Reims s’est terminé comme Rennes. Jeune militant en 1990 j’avais assisté à cette bataille où la haine avait supplanté tout le reste. Je ne suis pas allé à Reims et au soir de ce congrès je ne le regrette pas.
Quel spectacle affligeant donné en direct sur les chaînes de TV par nos dirigeants. Tous ont appelé à l’unité, aucun n’a été capable de la construire. En fait, au – delà des effets de tribune, tout était joué d’avance.
Tout d’abord ce front anti – Ségolène qui s’est constitué sans oser s’afficher publiquement. Je ne suis pas un fervent partisan de Ségolène ROYAL, c’est le moins qu’on puisse dire. Mais je trouve pitoyable l’attitude de mes camarades à son encontre. Que lui reproche t on ? De savoir s’adresser aux français aussi bien qu’aux socialistes ? De vouloir adapter le PS à l’évolution du monde ? De faire le constat que face à l’affaiblissement des communistes, une autre stratégie devait être élaborée sans rompre avec le rassemblement à gauche? Franchement ce refus de discuter avec elle me semble mortifère pour toute la gauche.

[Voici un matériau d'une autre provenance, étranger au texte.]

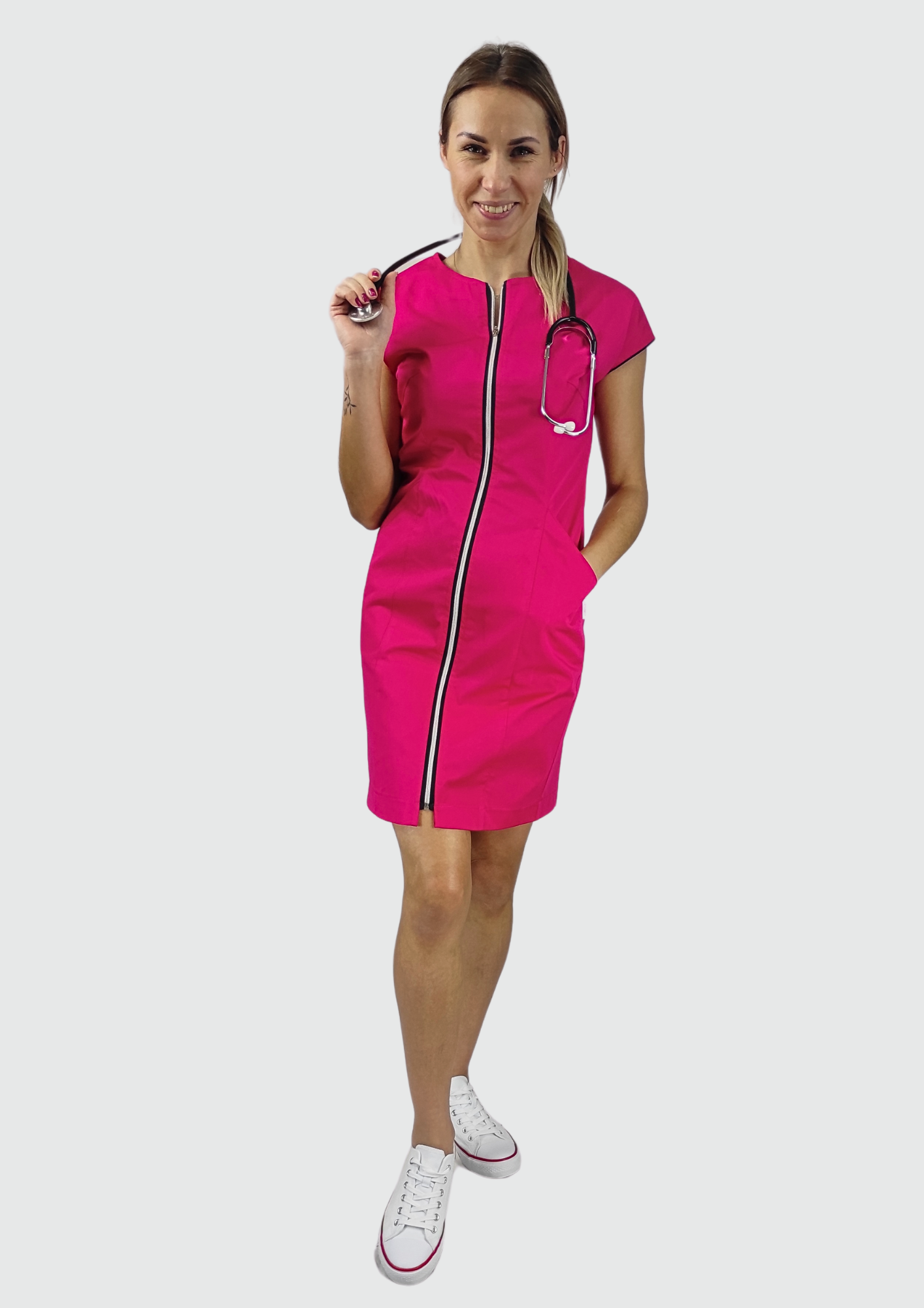 Idealna sukienka dla lekarzy, pielęgniarek, kosmetologów i fizjoterapeutek. Nasza sukienka medyczna damska łączy w sobie elegancję, profesjonalizm oraz wysoki komfort noszenia. Krótki rękaw, zapięcie na zamek w kolorze srebra i delikatne rozcięcie z tyłu nadają jej nowoczesnego stylu i funkcjonalności.

Mais admettons que DELANOE et AUBRY aient raison. Ils auraient du s’entendre alors ! Sur le fond rien ne les sépare, ils ont la même vision du PS. Ils n’ont même pas réussi à se mettre d’accord sur un nom ! Le plus pitoyable dans cette histoire est sans doute Bertrand DELANOE dont j’ai pourtant signé la motion. Quand on est un responsable politique de son niveau, on ne peut rester spectateur et regarder le train de la désunion passer sans agir. Pour moi il s’est durablement décrédibilisé.
Alors oui c’est vrai, ce sont les militants qui vont choisir et c’est la force du Parti Socialiste. A l’heure où j’écris ces quelques lignes je n’ai pas encore décidé de mon vote, comme beaucoup d’adhérents sans doute. Une chose est sure : je voterai pour une femme.